What do you do when you go see KISS?
I think you - and KISS - know the answer to that one. And you may shout it out loud if you want. You want to forget your lot in life and enjoy this KISS life. You want to scream along to Godzilla bass lines, air-raid guitar licks, and July Fourth indoor fireworks. You want to be part of the endless party. You want to see - feel - fire in a crowded theater.
KISS has always been a spectacular escape valve for mainstream rock fans who like it hard and melodic. It worked like this for KISS in the mid-to-late 1970s, the heyday. It works today because today looks and sounds a whole lot like the heyday. They lost two founding band members (drummer Peter Criss and guitarist Ace Frehley) and the makeup in the 1980s. The music took a dive as well, and KISS fell from the grace of the rock gods. Singer-guitarist Paul Stanley and bassist-singer Gene Simmons got the once-substance-abusing-but-now-clean original guys back in 1996 and put the kabuki/horror make-up back on for a ''last'' tour ... that, lo and behold, began anew at the FleetCenter last night and continues tonight. Last night was sold out; a handful of tickets remains for tonight. Top seats are only $55, just 10 percent more than two years ago. Red Sox tickets went up over 30 percent over a comparable time, and KISS's players are both in shape and intact.
This tour is called ''Psycho Circus'' and the only hitch is that the explosively inclined circus troupe that was to open the show couldn't fit all its gear into the Fleet and was scrapped. (They may rejoin the tour if the logistics can be figured out.) As for KISS, well, there were plenty of loud noises, fireworks, and blinding lights, Criss's elevating drum riser (for a drum solo on a higher plane?), a fly-to-the-rafters Peter Pan-like by the blood-vomiting bat-lizard Simmons during ''God of Thunder,'' and a standup trapeze glide to the small soundboard stage during ''Love Gun'' for Stanley. Frehley's guitar ''smoked,'' ''shot'' sparks, and flew out of his hands into the sky - his playing was that hot! - and dangled in front of our eyes. This is because we had our special 3-D glasses, which lent the effect of the guitar floating just over us. Other things did this too: a skull, a KISS cube, Simmons's face and ever-flicking froglike tongue.

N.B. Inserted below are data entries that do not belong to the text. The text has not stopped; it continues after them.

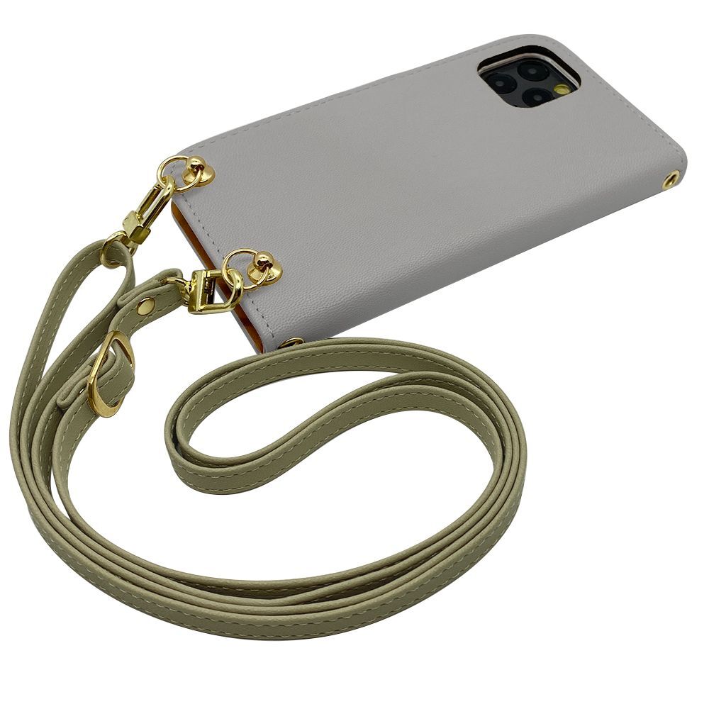 Libero 5G IV A302ZT ZTE リベロ5g4 スマホショルダー(手帳ライトグレー×ストラップ:ピスタチオ)カバー 手帳 くすみカラー
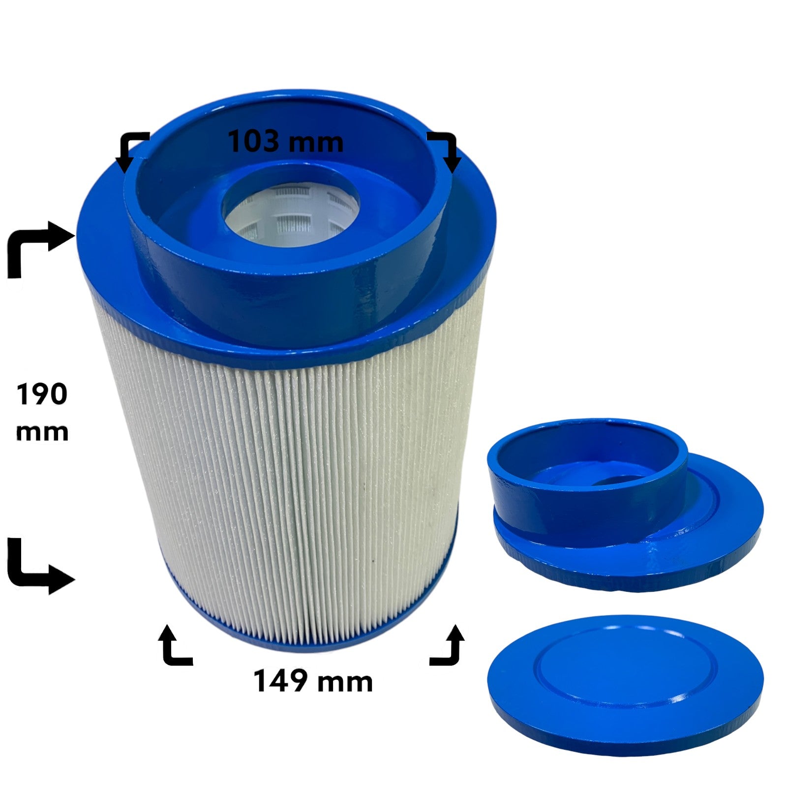 Var noggrann när ni mäter era filter så att ni får rätt modell, generellt så gör det inget att filtrets kropp är lite mindre eller lite större då flera filter kan passa fler modeller, rådfråga oss om du har funderingar om detta filter passar just ert spabad. Det viktigaste är att ni hittar samma mått på anslutningen samt att det är samma typ av topp som ert befintliga filter.
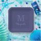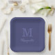 Faded Navy Blue Name and Initial Monogram Paper Plate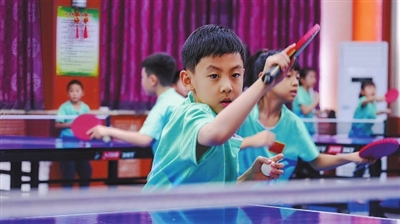 今年讀二年級的劉浩然,接觸乒乓球已有一年多時間,他告訴記者:“剛開始,我覺得好難?!苯涍^不斷訓練,他慢慢適應,并逐漸愛上了乒乓球。“季老師帶著我們一遍遍地練習、糾正動作,一上午的時間不知不覺就過去了?!?/p>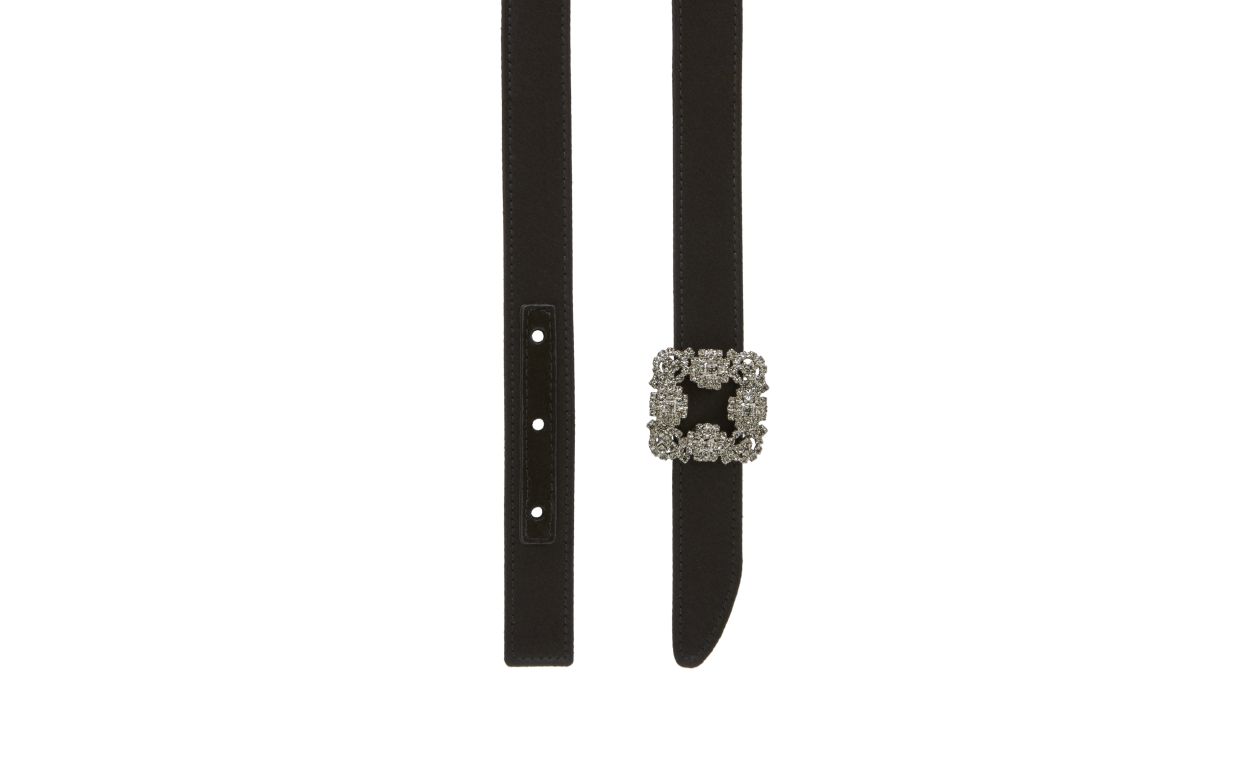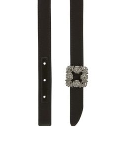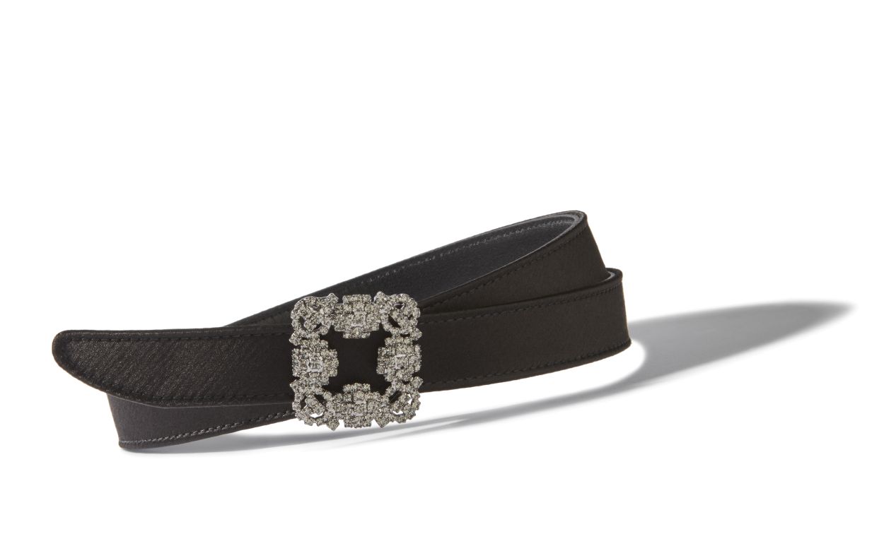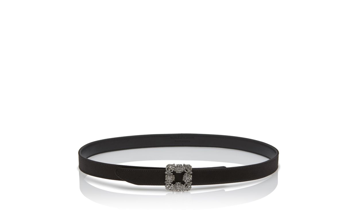 Black satin belt featuring narrow width design a moveable square crystal buckle encased in a gunmetal frame with push stud fastening. Upper: 68% viscose, 32% silk. Lining: 100% nappa leather. Made in Italy.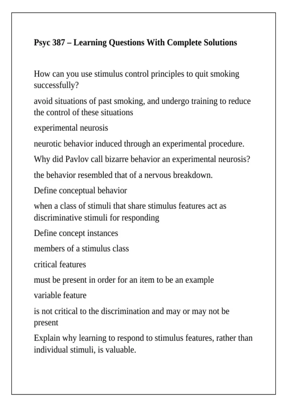 Psyc 387 – Learning Questions With Complete Solutions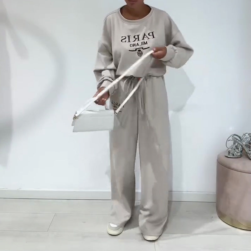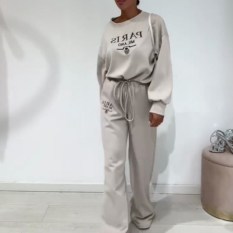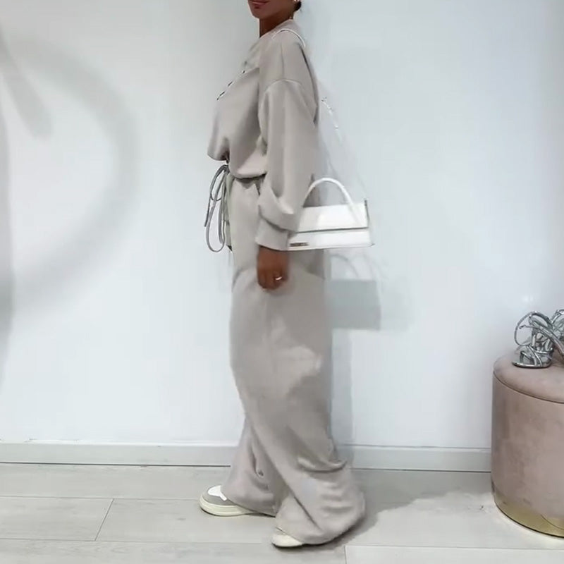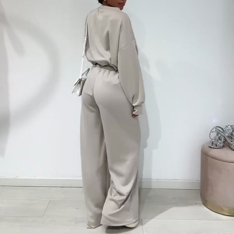 БЕЗУПРЕЧЕН СТИЛ ЗА ВСЕКИ ДЕН – Създаден за съвременен комфорт и простота, този комплект от блуза и панталони съчетава свободна кройка с елегантна силует, създавайки универсален вид за отдих, поръчки или неформални излизания.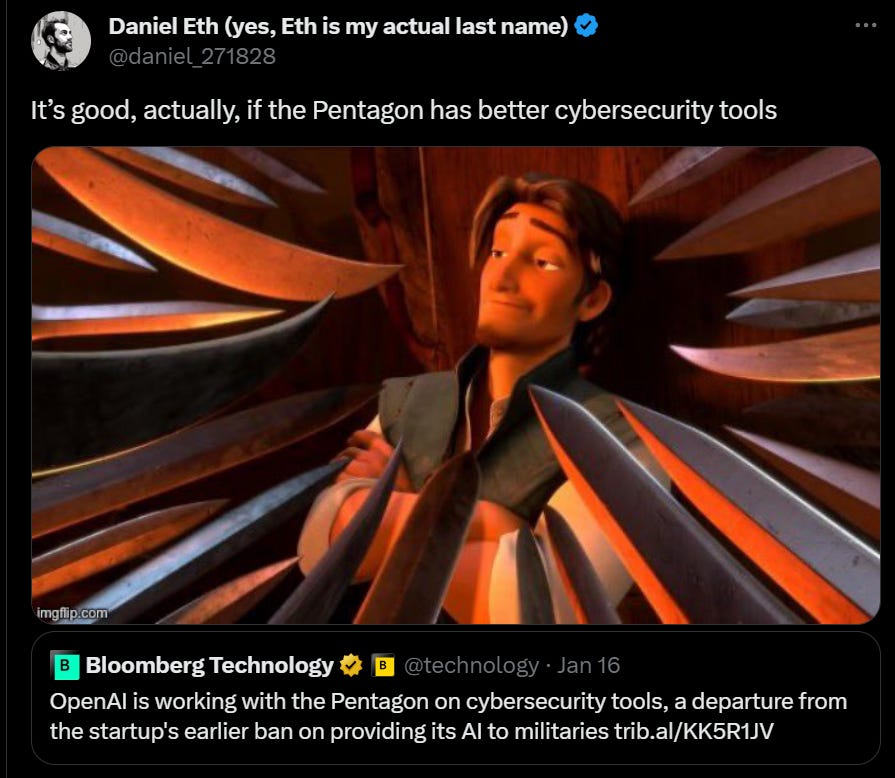 Provide cybersecurity for the Pentagon, modifying your terms of use in order to allow it, while claiming you still won’t help with weapons.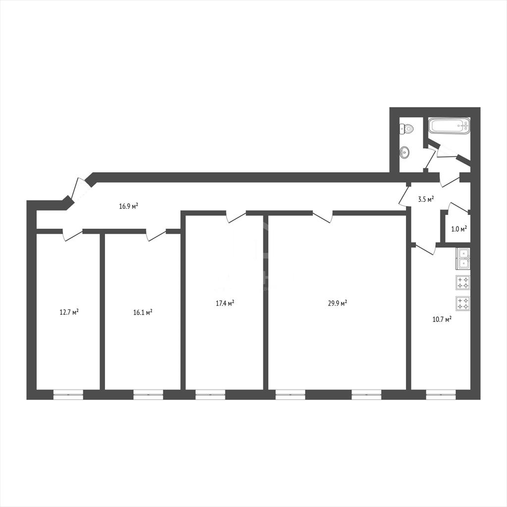Высокие потолки (3,2 м) , комнаты изолированные с окнами на улицу. Жилая площадь составляет 76,1 кв. м, площадь кухни - 10,7 кв. м, а комнаты имеют площади 29,9 + 17,4 + 16,1 + 12,7 кв. Планировка позволяет адаптировать пространство под свои вкусы.

KISS is the McDonald's of rock - that is, the country's once-and-future top touring band - but serves it up like Burger King: your way. You wanted the old KISS klassics and you got 'em: ''Shout It Out Loud,'' ''Deuce,'' ''Firehouse,'' ''Cold Gin,'' ''100,000Years,'' a set-closing, pyro-mad ''Detroit Rock City.'' (We left to meet deadline, missing, it appeared, ''Beth,'' ''Black Diamond'' and ''Rock and Roll All Nite.'') KISS tossed into a couple of new ones, the gloriously over-obvious ''Psycho Circus'' and the dark-shaded ''Within.''
The aforementioned fast-food reference isn't meant to be an elitist poke. I eat there and I bet you do, too. It's cuisine that translates on a mass level. KISS treats those precious few chords like special sauce. There was a delicious irony when Stanley advised fans not to drink and drive prior the old alkie anthem ''Cold Gin'' - ''It's cold gin time again/You know it always is ... The cheapest stuff is all I need.''
A KISS show is a tight show - they start on time, play two hours, and, like stage actors, hit their marks for the cameras and the crowd. They don't always hit the melody lines, but, hey, they come close enough for rock 'n' roll. Last night, the bass mix was too loud, and the overall sound just fair. But the vibe was totally rockin,' totally fun. The headache will disappear.
This story ran on page D10 of the Boston Globe on 11/13/98.